Thursday, June 26, 2008

pondering: what am i, again?

wow. i'm part of the mathematics genealogy project now. it appears when i am google-sought.

does that mean i'm no longer a graduate student?

i don't feel much like a postdoc, but that's fine: i'm not a postdoc yet. the job begins in august/september.

on the other hand, i don't feel much like a student either, but i suppose i am.

i can still check out maths books from the library;
i can still log into university computers;
i still have an office.

then again, i'm unemployed.
maybe i am a quasi-student!

Wednesday, June 25, 2008

on a lighter note: romantic neurosis!

i have been fretting over moving in the fall, about making these sorts of plans;

i've considered the remote possibility that if i meet a woman now and if we started dating, then in 1-2 months time, this will lead to heartache, complications, and the like;

i've even put myself in situations where i will not meet very many strangers, while in ann arbor ..

.. but i have not looked at a girl, run through long-term scenarios, and deeming them too dangerous, jumped out of a window .. even if they have said something cute or quoted a movie i know.

heck: that stuff's for comic strips,
not neurotics in real life! (;

maths in collaboration.

slowly but surely, the writing proceeds.

today was also productive in another way .. or at least it felt productive. in the afternoon i met with my younger math sibs and talked about math and about research and about open questions in gmt.

i don't know if it will become a full-fledged collaboration, but our backgrounds have a nontrivial intersection and we can understand each other well enough, mathematically.

even if it works out, the timing is difficult: both of them are applying for jobs this fall, and i'm already busy with plenty of things, like converting my thesis into a paper and working on another collaboration with another research group ..

.. which reminds me: i should get back to them.



i like making plans, and i prefer collaborations when there is a set plan in mind. it's not enough to have a goal in mind, or a fixed research problem: there should be a plan.

if i prove this and if you prove that,
and if our strategy works,
then done: everybody's happy.


of course, nothing is ever so neatly organised as that, and plans often have a way of going awry. in fact, answering questions is hard enough.

i don't know that many mathematicians, but often i hear this sort of dialogue:

Q: say, i have this question. do you know if ____?
pA [1]: well, if you assume this, then _____.


we don't actually answer questions in full generality, unless we are so lucky that our proof techniques fit the situation perfectly. often they don't, and we can only say what we are familiar with.

we draw pictures,
we ask questions,
we whet the problem down by reductions,
we examine the worst-case scenarios,
and we hope.


i guess i'm saying nothing important here and nothing too interesting, either. i guess i worry a lot, when in collaboration:

everyone is talking or no one is talking;

i wonder if this will really work because i've forgotten how not to doubt;

i worry if my ideas are wrong or unfruitful and that they lead me -- worse, a team of us -- down a wild goose chase, with no goose in sight.

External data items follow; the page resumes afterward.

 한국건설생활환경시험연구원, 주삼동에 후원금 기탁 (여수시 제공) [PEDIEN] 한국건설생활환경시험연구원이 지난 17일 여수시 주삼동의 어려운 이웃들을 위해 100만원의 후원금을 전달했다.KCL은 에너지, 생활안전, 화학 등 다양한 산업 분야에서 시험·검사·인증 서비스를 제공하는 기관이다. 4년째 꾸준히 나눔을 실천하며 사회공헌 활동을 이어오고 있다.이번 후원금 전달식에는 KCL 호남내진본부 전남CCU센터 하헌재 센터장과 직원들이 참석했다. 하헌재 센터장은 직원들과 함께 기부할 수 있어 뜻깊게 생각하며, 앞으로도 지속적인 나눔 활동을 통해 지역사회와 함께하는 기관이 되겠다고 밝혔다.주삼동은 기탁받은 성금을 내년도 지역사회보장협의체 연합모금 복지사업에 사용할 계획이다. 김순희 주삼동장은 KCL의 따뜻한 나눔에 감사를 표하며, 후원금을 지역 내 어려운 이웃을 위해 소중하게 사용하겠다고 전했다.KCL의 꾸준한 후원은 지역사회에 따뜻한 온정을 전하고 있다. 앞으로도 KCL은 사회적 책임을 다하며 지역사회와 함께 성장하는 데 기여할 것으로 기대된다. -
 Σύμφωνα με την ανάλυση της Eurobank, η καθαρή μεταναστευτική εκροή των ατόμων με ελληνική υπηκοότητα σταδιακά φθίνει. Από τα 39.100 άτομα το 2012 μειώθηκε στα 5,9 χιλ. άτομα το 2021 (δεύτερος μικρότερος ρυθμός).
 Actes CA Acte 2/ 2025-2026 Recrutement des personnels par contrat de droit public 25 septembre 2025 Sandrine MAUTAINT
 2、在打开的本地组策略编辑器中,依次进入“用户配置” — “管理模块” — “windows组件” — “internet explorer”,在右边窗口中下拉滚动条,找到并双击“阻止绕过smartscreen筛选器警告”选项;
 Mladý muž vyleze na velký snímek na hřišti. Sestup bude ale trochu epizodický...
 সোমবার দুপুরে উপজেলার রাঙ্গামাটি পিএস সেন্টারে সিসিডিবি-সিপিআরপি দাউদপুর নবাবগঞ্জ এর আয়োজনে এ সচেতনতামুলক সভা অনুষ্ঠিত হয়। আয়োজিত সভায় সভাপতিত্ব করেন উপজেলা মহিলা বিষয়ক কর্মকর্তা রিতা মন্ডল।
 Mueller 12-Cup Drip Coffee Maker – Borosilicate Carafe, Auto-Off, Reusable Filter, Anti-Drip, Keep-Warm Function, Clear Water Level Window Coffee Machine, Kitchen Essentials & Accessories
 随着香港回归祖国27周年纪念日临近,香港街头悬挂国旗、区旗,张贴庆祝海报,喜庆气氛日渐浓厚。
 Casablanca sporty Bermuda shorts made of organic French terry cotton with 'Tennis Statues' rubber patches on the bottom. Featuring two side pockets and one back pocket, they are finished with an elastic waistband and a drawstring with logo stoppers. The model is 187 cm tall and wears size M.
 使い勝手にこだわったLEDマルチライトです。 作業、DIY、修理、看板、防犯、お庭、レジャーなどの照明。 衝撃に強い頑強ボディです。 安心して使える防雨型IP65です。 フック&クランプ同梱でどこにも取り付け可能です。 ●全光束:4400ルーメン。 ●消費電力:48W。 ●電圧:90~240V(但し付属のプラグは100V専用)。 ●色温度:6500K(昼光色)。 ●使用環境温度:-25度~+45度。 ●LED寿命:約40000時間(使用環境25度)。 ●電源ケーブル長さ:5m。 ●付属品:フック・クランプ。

it's one thing if i waste my own time, in the mornings, thinking to myself.

for others who make a point to show up, at my office and at this or that time and day -- how frustrating it would be, for them, if only after hours do we see that my idea is silly!

so i worry.

if it's just my idea and if it doesn't work, oh well. but if it is to become a group idea, then yikes:

now i must have a good idea, a plan;

make sure it's good,
have space in it so that others can work and contribute,

and not force them to sit down, listen to me drone on,
until i show them what might not work.

[1] that is, a partial Answer.

Monday, June 23, 2008

in which biases reveal themselves.

at the moment i am not terribly proud of myself, but perhaps mildly proud.

not very proud: a friend of mine gave me his thesis to read, some months ago. it weighs at least 80 pages and i've barely made a dent in it.

mildly proud: on the other hand, just now i read through an entire paper of another friend, which weighs 15 pages.



this confirms my original fears and inclinations:

when i do cut out a paper from my thesis, it cannot be too long,
otherwise weak-minded people like me will never read it.

chalkboards and ladders.

i'm in the office now. there's nothing like writing on a chalkboard. it has the right sort of unfinished quality to it, but unlike waste paper, it captures some sort of care and attention.

i'm checking some details, now. i've had this idea for a little while -- two months, perhaps -- and it's about time that i check it and study its weaknesses.

an idea can make you powerful, because it can give you hope, and direction too. nonetheless, an idea is a fixed thing in time and memory: the point is to form new ideas from old. an idea should only be a step on a ladder. one should learn whether or not the ladder points somewhere, and if so, whether or not the ladder is tall enough.

Saturday, June 21, 2008

arrived, but unready.

maybe it was different a few years ago. now i am back in this university town, ann arbor, but i'm not of the right mind to do mathematics yet.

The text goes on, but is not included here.